- **SUPPLIED MATERIAL**:
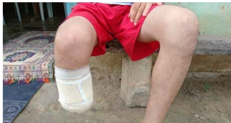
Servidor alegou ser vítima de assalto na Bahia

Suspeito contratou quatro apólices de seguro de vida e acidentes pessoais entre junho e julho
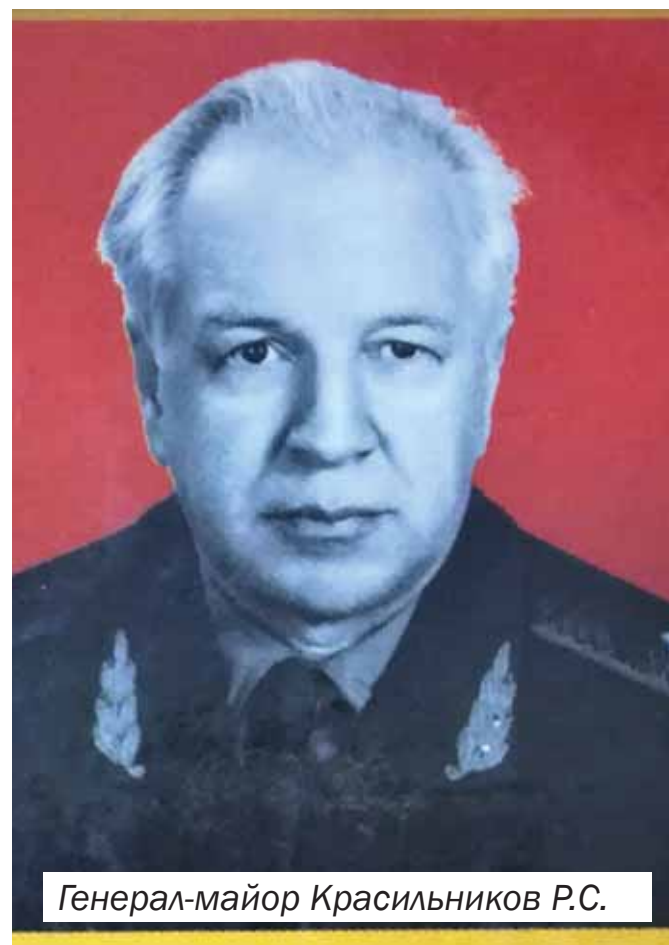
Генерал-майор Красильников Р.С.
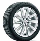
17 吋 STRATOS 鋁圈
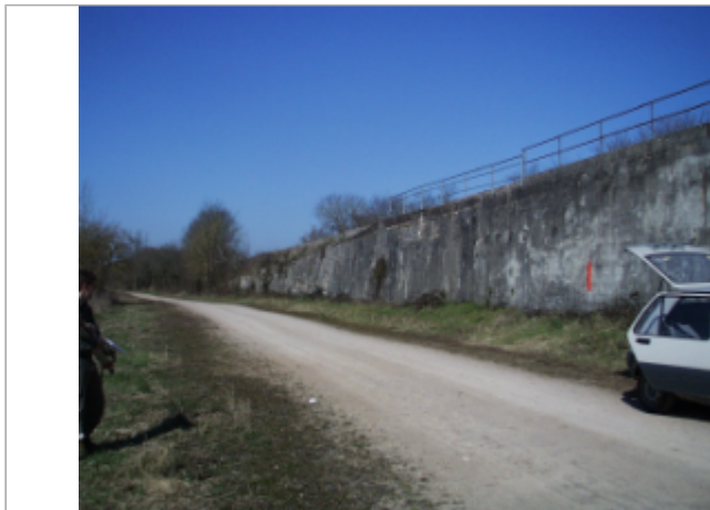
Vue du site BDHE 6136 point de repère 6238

==

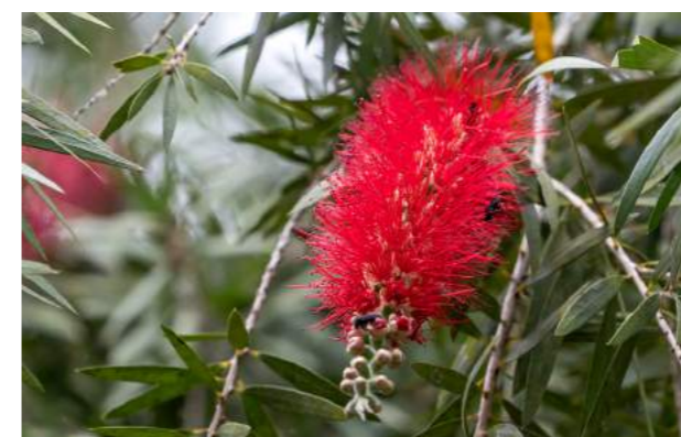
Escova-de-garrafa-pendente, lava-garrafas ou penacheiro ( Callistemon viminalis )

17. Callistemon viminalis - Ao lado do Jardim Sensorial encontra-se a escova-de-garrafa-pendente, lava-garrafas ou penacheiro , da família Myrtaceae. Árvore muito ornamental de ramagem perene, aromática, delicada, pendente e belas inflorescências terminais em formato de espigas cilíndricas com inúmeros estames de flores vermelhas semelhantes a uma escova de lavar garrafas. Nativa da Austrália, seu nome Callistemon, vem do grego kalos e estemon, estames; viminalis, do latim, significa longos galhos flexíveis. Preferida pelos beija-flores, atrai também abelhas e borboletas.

- **PROBLEM DETAILS**: Word for word, retype the lines in the entries above that run from the one with "Servidor alegou ser" through the one with "Vue du site BDHE 6136 point de repère 6238". Both ends count; pictures do not.

- **SOLUTION TO THIS EXERCISE**:
Servidor alegou ser vítima de assalto na Bahia

Suspeito contratou quatro apólices de seguro de vida e acidentes pessoais entre junho e julho
Генерал-майор Красильников Р.С.
17 吋 STRATOS 鋁圈
Vue du site BDHE 6136 point de repère 6238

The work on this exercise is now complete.